Comment by ted_bunny

19 days ago

Has anyone analysed JE's writing style and looked for matches in archived 4chan posts or content from similar platforms? Same with Ghislaine, there should be enough data to identify them atp right? I don't buy the MaxwellHill claims for various reasons but it doesn't mean there's nothing to find.

There was a post on here about a project in stylometry that analyzed HN users comment history. The tool helped find accounts that had an extremely similar writing style to a given account. The site was soon removed due to privacy concerns but many users with multiple account attested to its accuracy

https://news.ycombinator.com/item?id=33755016

It turns out stylometry is actually a pretty well-developed field. It makes me wanna write an AI browser assistant that can take my comments and stylize them randomly to make it harder to use these sorts of forensics against me

  • >It makes me wanna write an AI browser assistant that can take my comments and stylize them randomly to make it harder to use these sorts of forensics against me

    The old trick years ago was to translate from English to different language and back (possibly repeating). I'd be curious how helpful it is against stylometry detection?

    • The old trick years ago was to translate from English to different language and back (possibly repeating). I'd be curious how helpful it is against stylometry detection?

      If you want to be grouped with foreigners who don't know English, it might work well, although word choices may still be distinctive enough to differentiate even when translated.

      2 replies →

  • On the one side it's a shame this tool was removed because it's very interesting, but on the other hand, the main use case would likely abuse and (cyber)stalking.

    That said, best to assume that the various government agencies have tools like this, and better - if you're trying to hide your identity online, don't just change users or go through VPNS/proxies/TOR but change your writing style too.

    (Also I'm convinced most VPNs/ proxies / TOR nodes / public access points are honeypots)

  • A while back the government claimed it had used stylometry to identify Satoshi Nakamoto.

  • I remember using one of these tools and it falsely identified some other account as being mine.

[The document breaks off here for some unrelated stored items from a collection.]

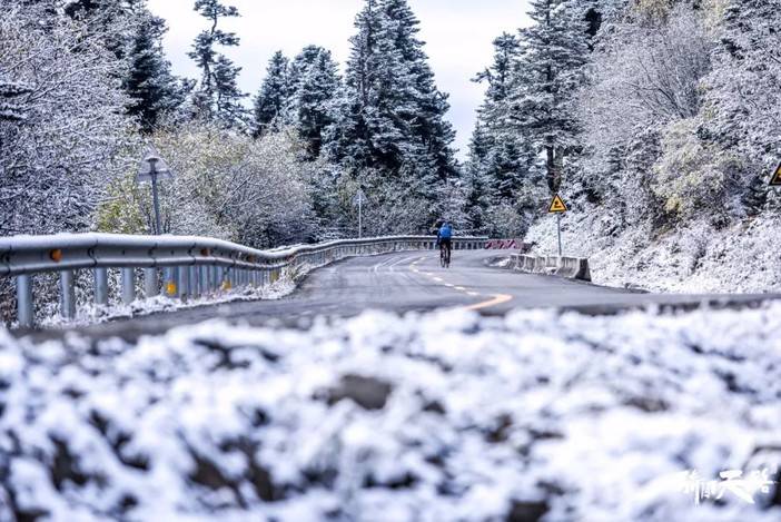 同时向柏龙具有较强的爬坡能力,他在色季拉山的爬坡中很快就建立了较大的领先优势。今天鲁朗迎来降雪,整个山头银装素裹,都被染成白色,这也是今年骑闯赛事遇到的最大的一场雪。
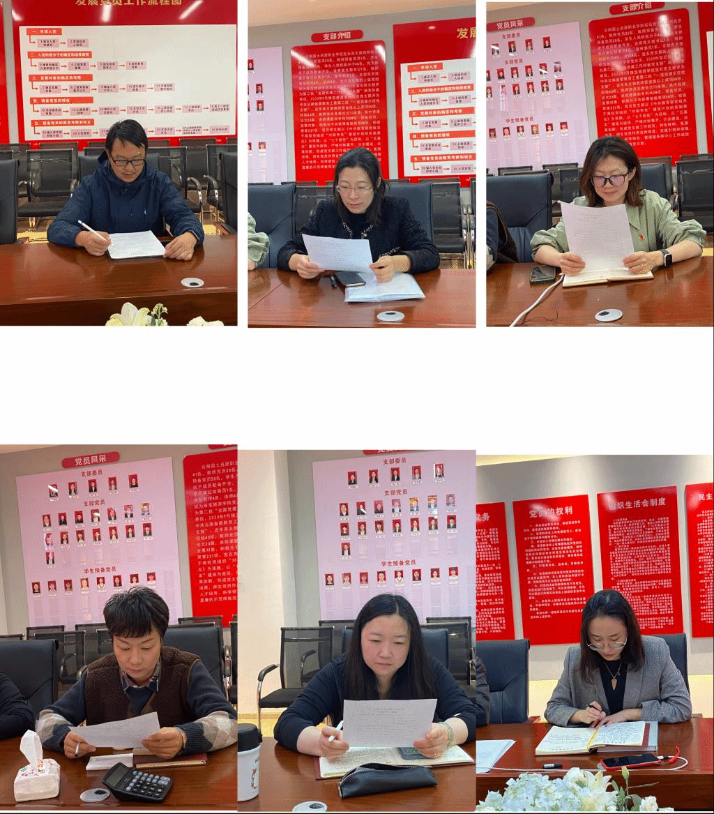 随后,其他党员依次分享自己的学习心得。教师党员纷纷表示二十大是一次高远务实、砥砺奋进的大会,作为新时代党员更要有新担当、新作为。他们将自己的学习心得与自己的教学任务、专业发展、学生管理等结合起来,表示二十大精神使其更加明确了今后的奋斗目标和前进方向,在今后的工作生活中,学以致用,切实把思想和行动统一到大会精神上来,以实际行动落实二十大精神,进一步推动各项工作规范化、高效化运转,以更加昂扬的斗志,充沛的干劲、扎实的作风,履职尽责,牢记党的宗旨,为师生排忧解难,耐心、细致,用心用情服务好广大师生。
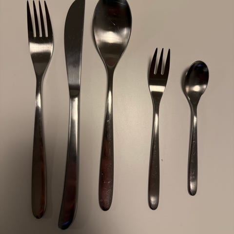 1 smørekniv 19 cm og 1 kaffeske 11 cm.

Of course, I only have just this account.

Stylometry is extremely sophisticated even with simple n-gram analysis. There's a demo of this that can easily pick out who you are on HN just based on a few paragraphs of your own writing, based on N-gram analysis.

https://news.ycombinator.com/item?id=33755016

You can also unironically spot most types of AI writing this way. The approaches based on training another transformer to spot "AI generated" content are wrong.

  • > You can also unironically spot most types of AI writing this way.

    I have no idea if specialized tools can reliably detect AI writing but, as someone whose writing on forums like HN has been accused a couple of times of being AI, I can say that humans aren't very good at it. So far, my limited experience with being falsely accused is it seems to partly just be a bias against being a decent writer with a good vocabulary who sometimes writes longer posts.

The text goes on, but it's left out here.